For each line below, write it out exactly as it appears.

[Extracted records]

>>>

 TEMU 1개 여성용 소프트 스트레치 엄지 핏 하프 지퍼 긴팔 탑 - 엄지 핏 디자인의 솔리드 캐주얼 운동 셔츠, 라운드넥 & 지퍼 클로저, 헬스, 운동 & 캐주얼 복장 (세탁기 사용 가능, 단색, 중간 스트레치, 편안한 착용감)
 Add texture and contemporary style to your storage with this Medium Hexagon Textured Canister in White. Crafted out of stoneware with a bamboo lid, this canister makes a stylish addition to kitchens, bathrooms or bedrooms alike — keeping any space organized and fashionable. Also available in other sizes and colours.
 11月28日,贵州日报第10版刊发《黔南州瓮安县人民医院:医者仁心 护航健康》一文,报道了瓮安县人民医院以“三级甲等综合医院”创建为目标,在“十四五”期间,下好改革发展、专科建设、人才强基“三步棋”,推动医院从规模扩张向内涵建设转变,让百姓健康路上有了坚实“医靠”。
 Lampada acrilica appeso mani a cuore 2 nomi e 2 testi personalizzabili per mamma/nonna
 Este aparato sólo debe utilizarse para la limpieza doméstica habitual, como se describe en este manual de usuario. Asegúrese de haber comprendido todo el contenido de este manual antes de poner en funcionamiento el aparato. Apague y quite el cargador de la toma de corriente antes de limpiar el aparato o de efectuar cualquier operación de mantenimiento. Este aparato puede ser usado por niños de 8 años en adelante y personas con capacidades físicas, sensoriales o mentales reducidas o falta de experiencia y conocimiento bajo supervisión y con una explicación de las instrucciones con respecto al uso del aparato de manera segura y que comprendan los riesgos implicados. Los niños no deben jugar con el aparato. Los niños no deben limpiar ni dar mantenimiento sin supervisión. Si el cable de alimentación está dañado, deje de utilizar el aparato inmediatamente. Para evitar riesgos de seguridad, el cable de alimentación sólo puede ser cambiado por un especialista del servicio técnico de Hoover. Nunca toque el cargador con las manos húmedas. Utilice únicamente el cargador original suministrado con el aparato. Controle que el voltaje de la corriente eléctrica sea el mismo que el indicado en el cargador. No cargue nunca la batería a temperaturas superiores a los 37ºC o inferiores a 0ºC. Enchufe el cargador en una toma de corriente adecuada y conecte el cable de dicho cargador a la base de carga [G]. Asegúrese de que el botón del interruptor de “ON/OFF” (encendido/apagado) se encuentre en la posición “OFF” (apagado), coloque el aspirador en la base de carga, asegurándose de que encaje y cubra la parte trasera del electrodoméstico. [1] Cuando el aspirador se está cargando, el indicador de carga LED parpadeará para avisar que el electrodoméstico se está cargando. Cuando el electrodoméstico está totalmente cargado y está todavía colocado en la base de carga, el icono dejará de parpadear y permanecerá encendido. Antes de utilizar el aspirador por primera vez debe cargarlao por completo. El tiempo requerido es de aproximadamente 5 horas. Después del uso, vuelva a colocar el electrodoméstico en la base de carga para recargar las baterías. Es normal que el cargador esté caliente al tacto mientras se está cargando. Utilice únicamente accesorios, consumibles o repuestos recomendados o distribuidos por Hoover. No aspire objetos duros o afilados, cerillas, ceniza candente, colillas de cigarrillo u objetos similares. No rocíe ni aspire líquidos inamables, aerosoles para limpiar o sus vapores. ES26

<<<

Exercise solution:
 TEMU 1개 여성용 소프트 스트레치 엄지 핏 하프 지퍼 긴팔 탑 - 엄지 핏 디자인의 솔리드 캐주얼 운동 셔츠, 라운드넥 & 지퍼 클로저, 헬스, 운동 & 캐주얼 복장 (세탁기 사용 가능, 단색, 중간 스트레치, 편안한 착용감)
 Add texture and contemporary style to your storage with this Medium Hexagon Textured Canister in White. Crafted out of stoneware with a bamboo lid, this canister makes a stylish addition to kitchens, bathrooms or bedrooms alike — keeping any space organized and fashionable. Also available in other sizes and colours.
 11月28日,贵州日报第10版刊发《黔南州瓮安县人民医院:医者仁心 护航健康》一文,报道了瓮安县人民医院以“三级甲等综合医院”创建为目标,在“十四五”期间,下好改革发展、专科建设、人才强基“三步棋”,推动医院从规模扩张向内涵建设转变,让百姓健康路上有了坚实“医靠”。
 Lampada acrilica appeso mani a cuore 2 nomi e 2 testi personalizzabili per mamma/nonna
 Este aparato sólo debe utilizarse para la limpieza doméstica habitual, como se describe en este manual de usuario. Asegúrese de haber comprendido todo el contenido de este manual antes de poner en funcionamiento el aparato. Apague y quite el cargador de la toma de corriente antes de limpiar el aparato o de efectuar cualquier operación de mantenimiento. Este aparato puede ser usado por niños de 8 años en adelante y personas con capacidades físicas, sensoriales o mentales reducidas o falta de experiencia y conocimiento bajo supervisión y con una explicación de las instrucciones con respecto al uso del aparato de manera segura y que comprendan los riesgos implicados. Los niños no deben jugar con el aparato. Los niños no deben limpiar ni dar mantenimiento sin supervisión. Si el cable de alimentación está dañado, deje de utilizar el aparato inmediatamente. Para evitar riesgos de seguridad, el cable de alimentación sólo puede ser cambiado por un especialista del servicio técnico de Hoover. Nunca toque el cargador con las manos húmedas. Utilice únicamente el cargador original suministrado con el aparato. Controle que el voltaje de la corriente eléctrica sea el mismo que el indicado en el cargador. No cargue nunca la batería a temperaturas superiores a los 37ºC o inferiores a 0ºC. Enchufe el cargador en una toma de corriente adecuada y conecte el cable de dicho cargador a la base de carga [G]. Asegúrese de que el botón del interruptor de “ON/OFF” (encendido/apagado) se encuentre en la posición “OFF” (apagado), coloque el aspirador en la base de carga, asegurándose de que encaje y cubra la parte trasera del electrodoméstico. [1] Cuando el aspirador se está cargando, el indicador de carga LED parpadeará para avisar que el electrodoméstico se está cargando. Cuando el electrodoméstico está totalmente cargado y está todavía colocado en la base de carga, el icono dejará de parpadear y permanecerá encendido. Antes de utilizar el aspirador por primera vez debe cargarlao por completo. El tiempo requerido es de aproximadamente 5 horas. Después del uso, vuelva a colocar el electrodoméstico en la base de carga para recargar las baterías. Es normal que el cargador esté caliente al tacto mientras se está cargando. Utilice únicamente accesorios, consumibles o repuestos recomendados o distribuidos por Hoover. No aspire objetos duros o afilados, cerillas, ceniza candente, colillas de cigarrillo u objetos similares. No rocíe ni aspire líquidos inamables, aerosoles para limpiar o sus vapores. ES26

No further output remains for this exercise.